2) packets sent to host 192.168.1.30 are forwarded by Category 3 (rate of Category 3: 1 Mbit)
· Ip route add 192.168.1.30 dev eth0 via 192.168.1.66 realm 3

3) data packets sent to the subnet 192.168.1.0/24 are forwarded by Category 4 (the rate of Category 4 is 1 Mbit)
· Ip route add 192.168.1.0/24 dev eth0 via 192.168.1.66 realm 4

Note: We recommend that you use IP host address traffic control restrictions for the CIDR blocks directly connected by the traffic controller. Do not use subnet traffic control restrictions. If you need to use the subnet traffic control limit for the directly connected subnet, you must delete the original route established by the system before establishing the subnet route ing.

5. Monitoring
This module monitors the status of existing queues, categories, filters, and routes.
1) display the queue status

Simply display the queue status of the specified device (eth0 here)
· Tc qdisc ls dev eth0
Qdisc cbq 1: rate 10 Mbit (bounded, isolated) prio no-transmit

Displays the queue status of the specified device (eth0 here) in detail.
· Tc-s qdisc ls dev eth0
Qdisc cbq 1: rate 10 Mbit (bounded, isolated) prio no-transmit
Sent 7646731 bytes 13232 pkts (dropped 0, overlimits 0)
Borrowed 0 overactions 0 avgidle 31 undertime 0

It mainly shows that 13232 data packets are sent through the queue, the data traffic is 7646731 bytes, the number of discarded packets is 0, and the number of packets exceeding the rate limit is 0.

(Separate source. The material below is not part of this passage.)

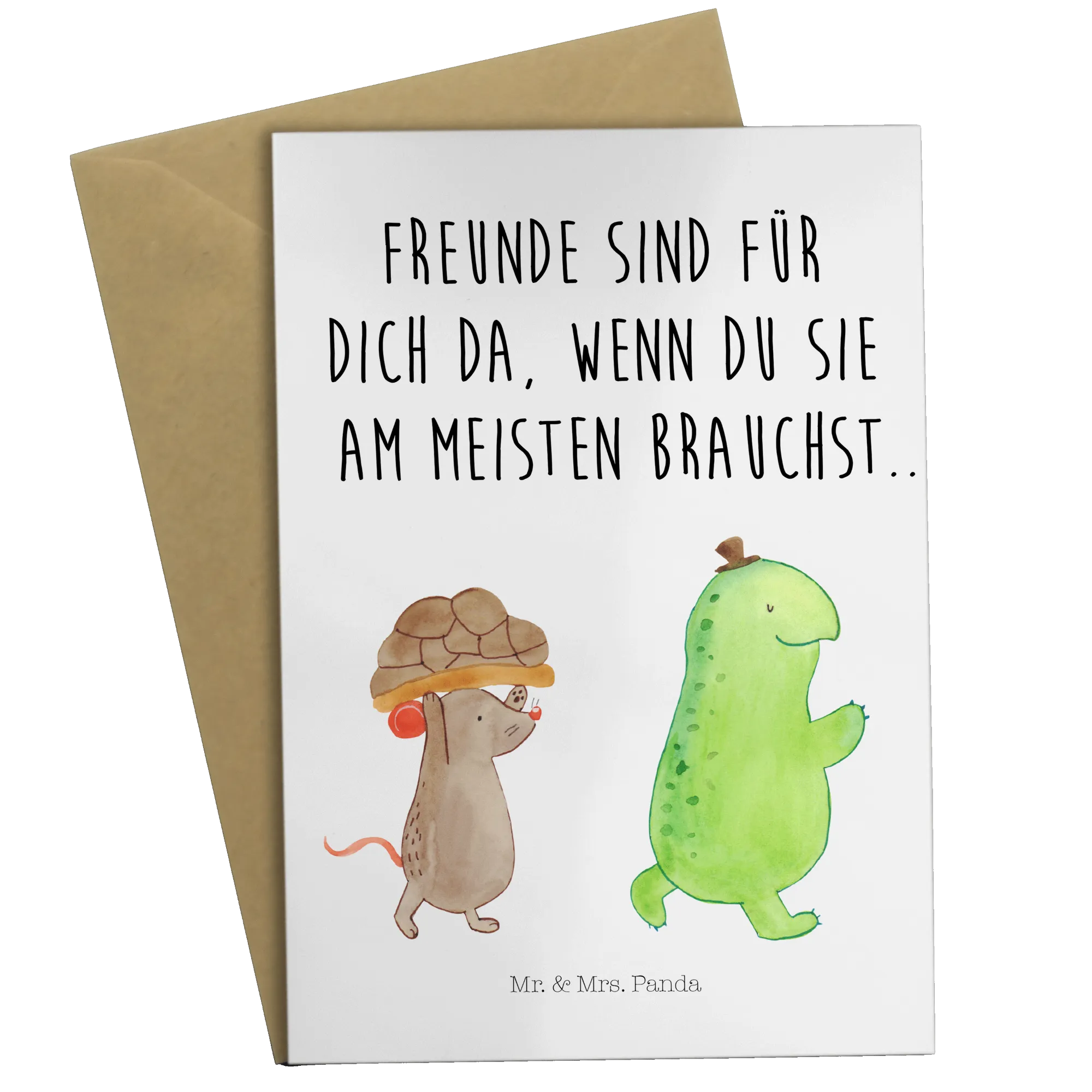 Die liebevolle Gestaltung zeigt eine fröhliche Schildkröte, die selbstbewusst voran marschiert, während eine kleine Maus flink ihren Schildkrötenpanzer trägt. Diese beiden niedlichen Charaktere begleiten dich durch viele festliche Anlässe und sind stets bereit, einen Glückwunsch oder einen persönlichen Gruß zu überbringen. Mit dem Spruch "Freunde sind für dich da, wenn du sie am meisten brauchst..." auf der Vorderseite, ist diese Karte besonders bedeutungsvoll.

2) display the category status

Simple display of the classification status of the specified device (eth0 here)
· Tc class ls dev eth0
Class cbq 1: root rate 10 Mbit (bounded, isolated) prio no-transmit
Class cbq parent 1: rate 10 Mbit prio no-transmit # no-transmit indicates the priority is 8
Class cbq parent rate 8 Mbit prio 2
Class cbq parent rate 1 Mbit prio 1
Class cbq parent rate 1 Mbit prio 6

Detailed display of the category of the specified device (eth0 here)
· Tc-s class ls dev eth0
Class cbq 1: root rate 10 Mbit (bounded, isolated) prio no-transmit
Sent 17725304 bytes 32088 pkts (dropped 0, overlimits 0)
Borrowed 0 overactions 0 avgidle 31 undertime 0
Class cbq 1:1 parent 1: rate 10 Mbit prio no-transmit
Sent 16627774 bytes 28884 pkts (dropped 0, overlimits 0)
Borrowed 16163 overactions 0 avgid le 587 undertime 0
Class cbq parent rate 8 Mbit prio 2
Sent 628829 bytes 3130 pkts (dropped 0, overlimits 0)
Borrowed 0 overactions 0 avgid le 4137 undertime 0
Class cbq parent rate 1 Mbit prio 1
Sent 0 bytes 0 pkts (dropped 0, overlimits 0)
Borrowed 0 overactions 0 avgid le 159654 undertime 0
Class cbq parent rate 1 Mbit prio 6
Sent 5552879 bytes 8076 pkts (dropped 0, overlimits 0)
Borrowed 3797 overactions 0 avgid le 159557 undertime 0

The data packets sent by different categories, data traffic, number of dropped packets, number of packets exceeding the rate limit, and so on are displayed. Among them, the root category (class cbq 1:0) should be in a similar situation as the queue.
For example, the classification class cbq sends 8076 data packets at, the data traffic is 5552879 bytes, the number of discarded packets is 0, and the number of packets exceeding the rate limit is 0.

Display filter status
· Tc-s filter ls dev eth0
Filter parent 1: protocol ip pref 100 route
Filter parent 1: protocol ip pref 100 route fh 0xffff0002 flowid to 2
Filter parent 1: protocol ip pref 100 route fh 0xffff0003 flowid :3 to 3
Filter parent 1: protocol ip pref 100 route fh 0xffff0004 flowid :4 to 4

Here, flowid indicates the classification class cbq, And to 2 indicates sending through Route 2.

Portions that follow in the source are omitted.